◆ **Assignment**:
An exact copy of the listing below is the answer, with the pictures removed.

────

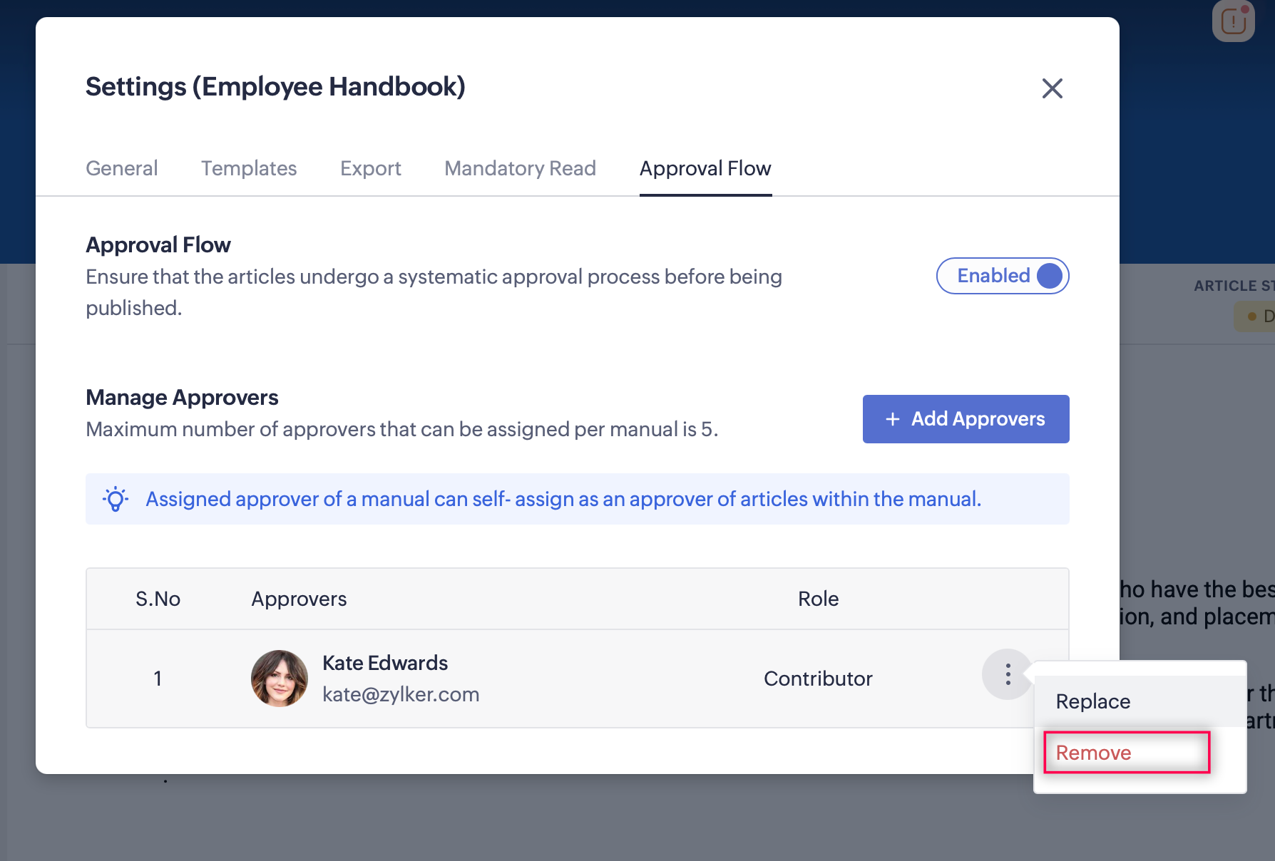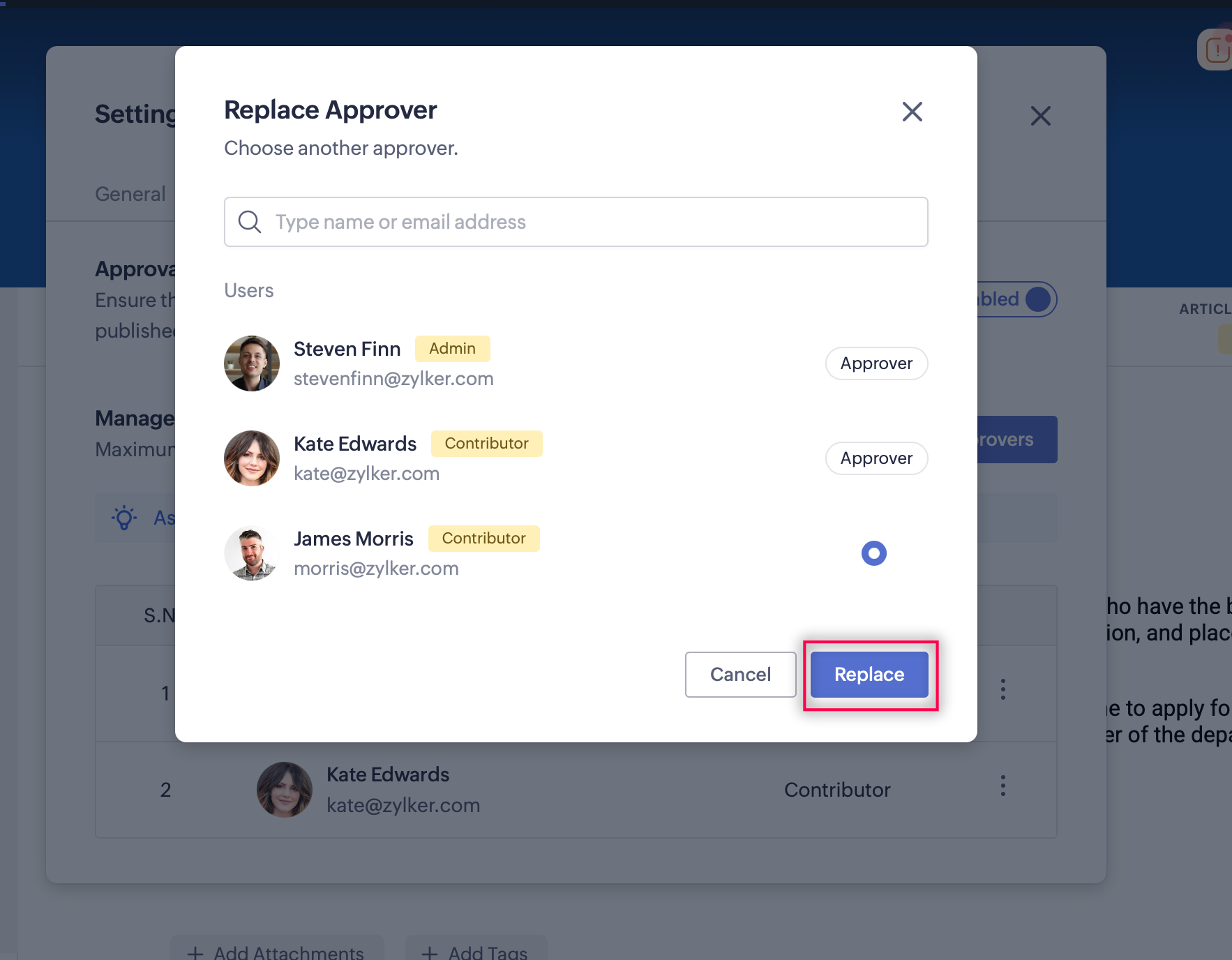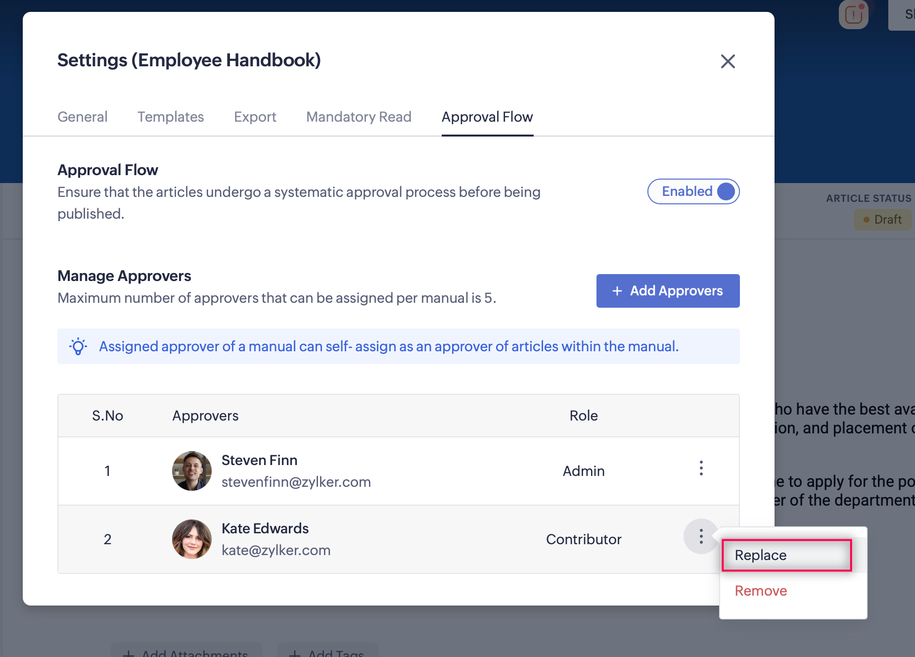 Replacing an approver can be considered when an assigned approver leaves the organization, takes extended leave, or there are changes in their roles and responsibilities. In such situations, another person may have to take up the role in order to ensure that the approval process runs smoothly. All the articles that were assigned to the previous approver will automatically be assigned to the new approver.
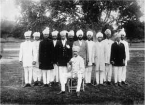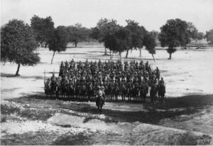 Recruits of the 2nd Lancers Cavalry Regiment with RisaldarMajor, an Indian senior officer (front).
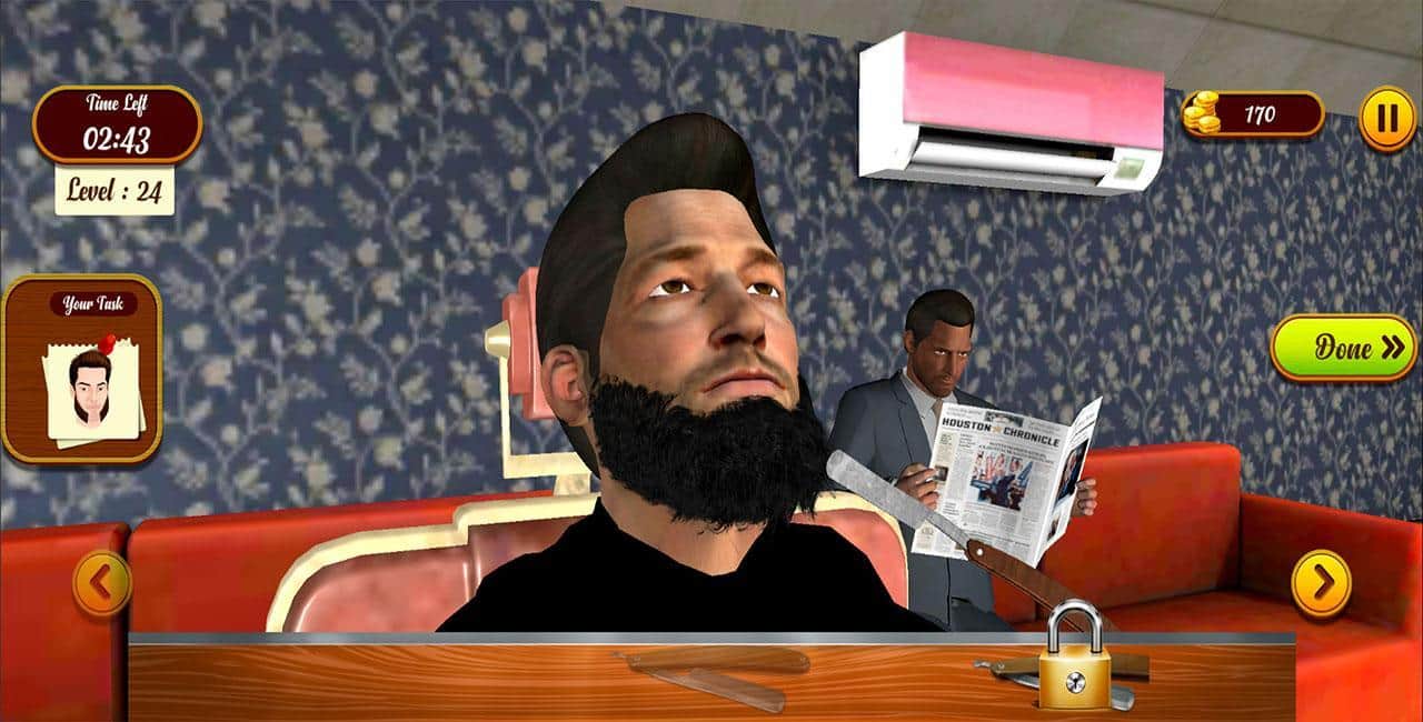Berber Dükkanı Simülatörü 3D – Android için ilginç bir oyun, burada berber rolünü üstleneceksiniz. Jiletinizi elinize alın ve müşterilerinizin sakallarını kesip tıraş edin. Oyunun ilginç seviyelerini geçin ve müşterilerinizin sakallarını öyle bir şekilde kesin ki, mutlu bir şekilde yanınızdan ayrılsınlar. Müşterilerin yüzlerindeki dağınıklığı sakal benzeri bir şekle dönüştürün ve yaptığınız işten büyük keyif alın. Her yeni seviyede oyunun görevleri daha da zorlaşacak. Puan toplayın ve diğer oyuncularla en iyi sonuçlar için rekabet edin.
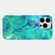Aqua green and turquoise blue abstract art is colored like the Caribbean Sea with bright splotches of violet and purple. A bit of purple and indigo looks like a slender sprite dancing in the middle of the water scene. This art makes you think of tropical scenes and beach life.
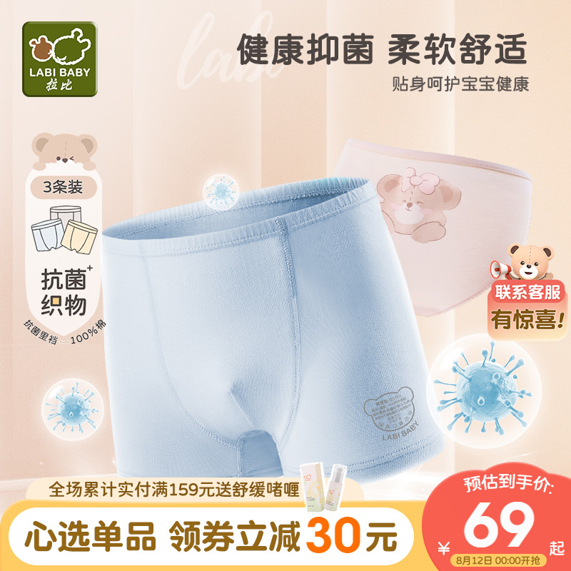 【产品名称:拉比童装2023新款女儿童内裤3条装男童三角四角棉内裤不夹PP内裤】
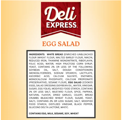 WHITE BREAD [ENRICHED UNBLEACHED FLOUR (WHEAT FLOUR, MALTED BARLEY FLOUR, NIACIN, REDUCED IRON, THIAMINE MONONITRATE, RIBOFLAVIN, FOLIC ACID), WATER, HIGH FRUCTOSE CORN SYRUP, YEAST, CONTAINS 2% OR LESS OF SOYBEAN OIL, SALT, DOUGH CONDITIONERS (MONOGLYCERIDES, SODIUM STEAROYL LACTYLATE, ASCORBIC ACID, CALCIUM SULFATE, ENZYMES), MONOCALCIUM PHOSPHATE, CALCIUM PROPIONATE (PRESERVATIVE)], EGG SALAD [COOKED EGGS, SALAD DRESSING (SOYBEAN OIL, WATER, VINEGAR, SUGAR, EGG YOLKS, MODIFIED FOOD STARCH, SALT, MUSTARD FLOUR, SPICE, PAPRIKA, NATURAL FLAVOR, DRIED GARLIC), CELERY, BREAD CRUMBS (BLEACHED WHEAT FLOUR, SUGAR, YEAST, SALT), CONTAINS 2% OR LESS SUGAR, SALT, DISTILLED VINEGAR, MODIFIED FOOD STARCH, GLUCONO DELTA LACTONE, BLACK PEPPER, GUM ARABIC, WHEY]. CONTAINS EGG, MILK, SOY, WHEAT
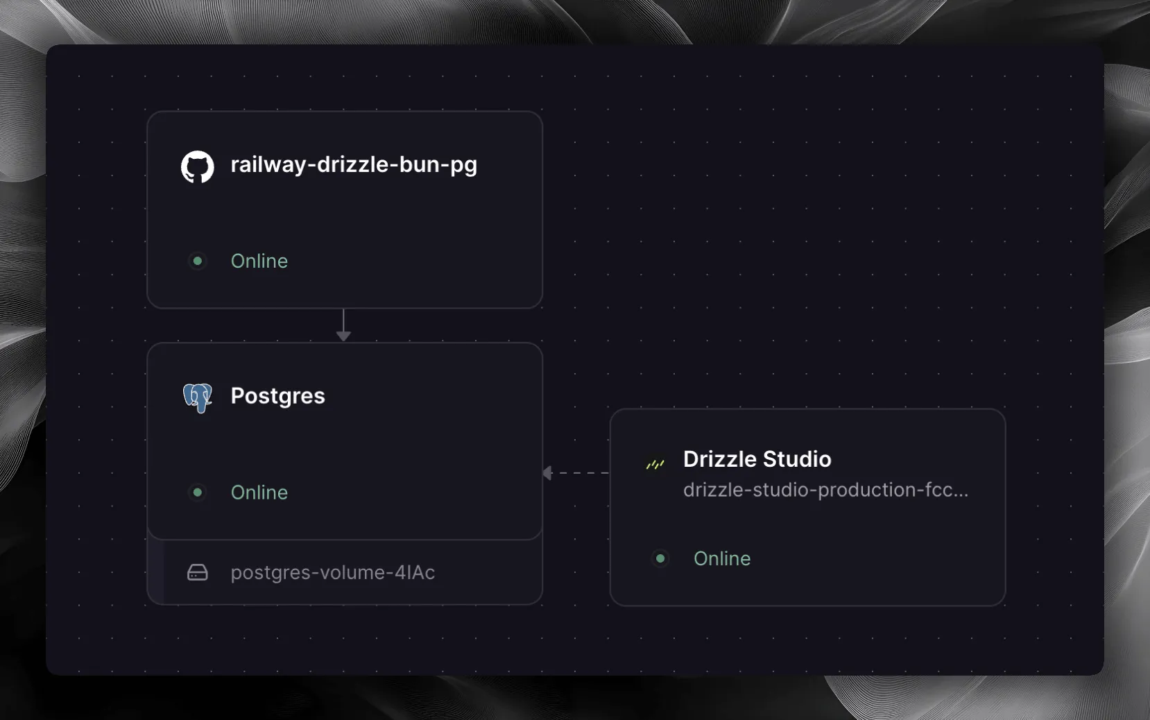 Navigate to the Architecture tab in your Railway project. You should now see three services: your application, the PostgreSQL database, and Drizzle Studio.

────

◆ **Answer to the exercise**:
 Replacing an approver can be considered when an assigned approver leaves the organization, takes extended leave, or there are changes in their roles and responsibilities. In such situations, another person may have to take up the role in order to ensure that the approval process runs smoothly. All the articles that were assigned to the previous approver will automatically be assigned to the new approver.
 Recruits of the 2nd Lancers Cavalry Regiment with RisaldarMajor, an Indian senior officer (front).
Berber Dükkanı Simülatörü 3D – Android için ilginç bir oyun, burada berber rolünü üstleneceksiniz. Jiletinizi elinize alın ve müşterilerinizin sakallarını kesip tıraş edin. Oyunun ilginç seviyelerini geçin ve müşterilerinizin sakallarını öyle bir şekilde kesin ki, mutlu bir şekilde yanınızdan ayrılsınlar. Müşterilerin yüzlerindeki dağınıklığı sakal benzeri bir şekle dönüştürün ve yaptığınız işten büyük keyif alın. Her yeni seviyede oyunun görevleri daha da zorlaşacak. Puan toplayın ve diğer oyuncularla en iyi sonuçlar için rekabet edin.
Aqua green and turquoise blue abstract art is colored like the Caribbean Sea with bright splotches of violet and purple. A bit of purple and indigo looks like a slender sprite dancing in the middle of the water scene. This art makes you think of tropical scenes and beach life.
 【产品名称:拉比童装2023新款女儿童内裤3条装男童三角四角棉内裤不夹PP内裤】
 WHITE BREAD [ENRICHED UNBLEACHED FLOUR (WHEAT FLOUR, MALTED BARLEY FLOUR, NIACIN, REDUCED IRON, THIAMINE MONONITRATE, RIBOFLAVIN, FOLIC ACID), WATER, HIGH FRUCTOSE CORN SYRUP, YEAST, CONTAINS 2% OR LESS OF SOYBEAN OIL, SALT, DOUGH CONDITIONERS (MONOGLYCERIDES, SODIUM STEAROYL LACTYLATE, ASCORBIC ACID, CALCIUM SULFATE, ENZYMES), MONOCALCIUM PHOSPHATE, CALCIUM PROPIONATE (PRESERVATIVE)], EGG SALAD [COOKED EGGS, SALAD DRESSING (SOYBEAN OIL, WATER, VINEGAR, SUGAR, EGG YOLKS, MODIFIED FOOD STARCH, SALT, MUSTARD FLOUR, SPICE, PAPRIKA, NATURAL FLAVOR, DRIED GARLIC), CELERY, BREAD CRUMBS (BLEACHED WHEAT FLOUR, SUGAR, YEAST, SALT), CONTAINS 2% OR LESS SUGAR, SALT, DISTILLED VINEGAR, MODIFIED FOOD STARCH, GLUCONO DELTA LACTONE, BLACK PEPPER, GUM ARABIC, WHEY]. CONTAINS EGG, MILK, SOY, WHEAT
 Navigate to the Architecture tab in your Railway project. You should now see three services: your application, the PostgreSQL database, and Drizzle Studio.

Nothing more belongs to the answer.